A thesis paper is a type of dissertation which is meant to demonstrate to the instructor or professor the ability of a student to evaluate and interpret gathered information and then draw conclusions from the information to develop and defend an argument.
In many cases known as the "Term Paper", one is essentially a long essay or dissertation involving personal research, written by a candidate for a degree, usually a Master's degree. A dissertation, on the contrary, is the type of extensive paper, usually book-length, required for a student wishing to earn a doctorate in a specific field.
The student who is writing a thesis paper is responsible for putting forth their own point of view and is evaluated on how successfully they have presented this point of view in the written form.
Unlike the topic summary paper, which offers a general description or explanation of a topic, subject or issue, etc., the thesis paper dissects a topic, and argues for or against something in particular; it goes far beyond the simple reporting of a topic.
In many ways, the thesis paper is similar to the persuasive essay, in that it requires the student to argue a point and providing evidence that upholds that argument. Only the thesis paper includes extensive research that usually surpasses the kind of work needed for one to discover preliminary findings on a general subject. The thesis paper incorporates books, primary and secondary sources, as well as information from library catalogs, bibliographies, academic journals and other published documents, etc.
How to Write a Thesis Paper
Writing the thesis paper involves a student’s professor instructing the student to gather information about a subject, evaluating, assessing and analyzing that information, and arriving at a theory or argument (which in an argumentative paper or persuasive essay declared in the thesis statement in the first paragraph of the paper by resolving conflicting points of view).
Writing a thesis teaches the student the type of research, writing and critical-thinking skills that will be crucial to master to excel in their career fields, where they may need to report facts and opinions accurately – while making sense of that information in a pragmatic way.
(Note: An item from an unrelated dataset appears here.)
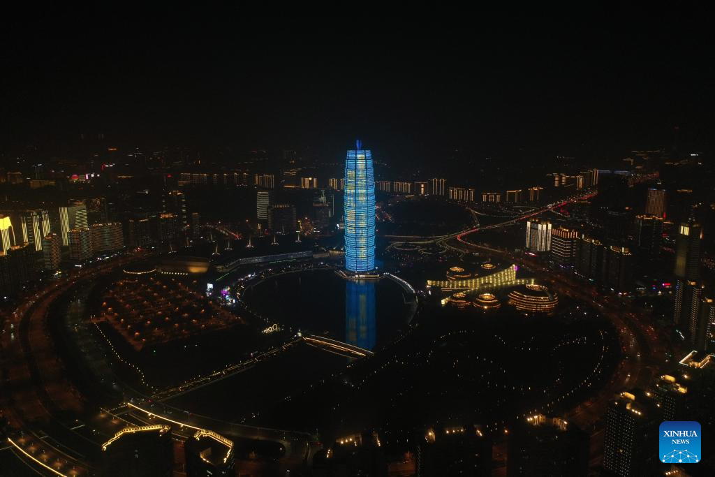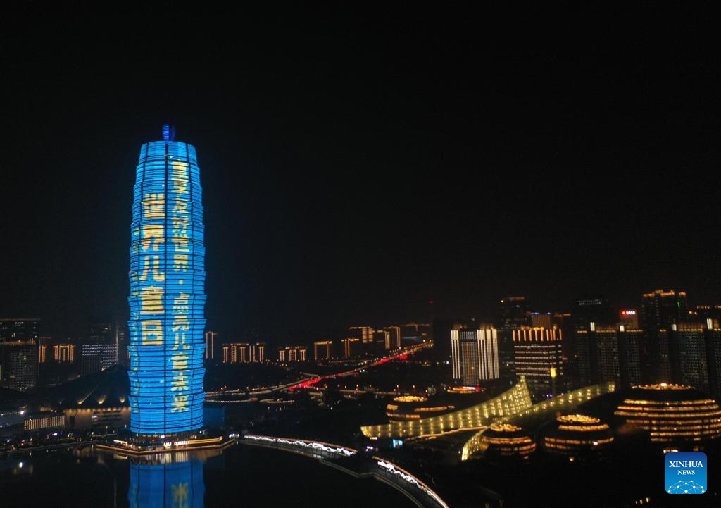 This aerial photo taken on Nov. 20, 2023 shows a building being lit up to celebrate World Children's Day at the Qianxi Square in Zhengzhou, capital of central China's Henan Province. (Xinhua/Li Jianan)

The thesis paper requires one to go far beyond merely using their reportorial skills, but rather requires a student to use certain information to support their understanding and evaluation of certain material, a subject and topic.
For example, the student writing a summary paper may examine Edgar Allen Poe’s short stories that revolve heavily around the theme of the macabre.
But the student writing the thesis paper will look more closely at the macabre in Poe’s fiction. They will examine what has been written in published scholarly articles about this theme in Poe’s work while coming to their own conclusions and interpretations on the topic – either accepting or rejecting the perspectives the critics offer. Ultimately, through their thesis paper, the student will offer their thoughts on why this is important – even practical – in the real world, what it can offer today’s reader, what they can learn from it, how Poe’s fiction should be read, and so on.
An example of a perhaps more practical focus and topic for a thesis paper could make an argument about smoking – "Smoking should be banned in public places", an argument a thesis paper may be defending. Of course, the student covering this topic would have to look at both sides of this argument, conducting research to explore as many aspects of the subject as possible, and discovering ways that they could maybe develop the topic, bringing forth, possibly, new information and perspectives on the topic.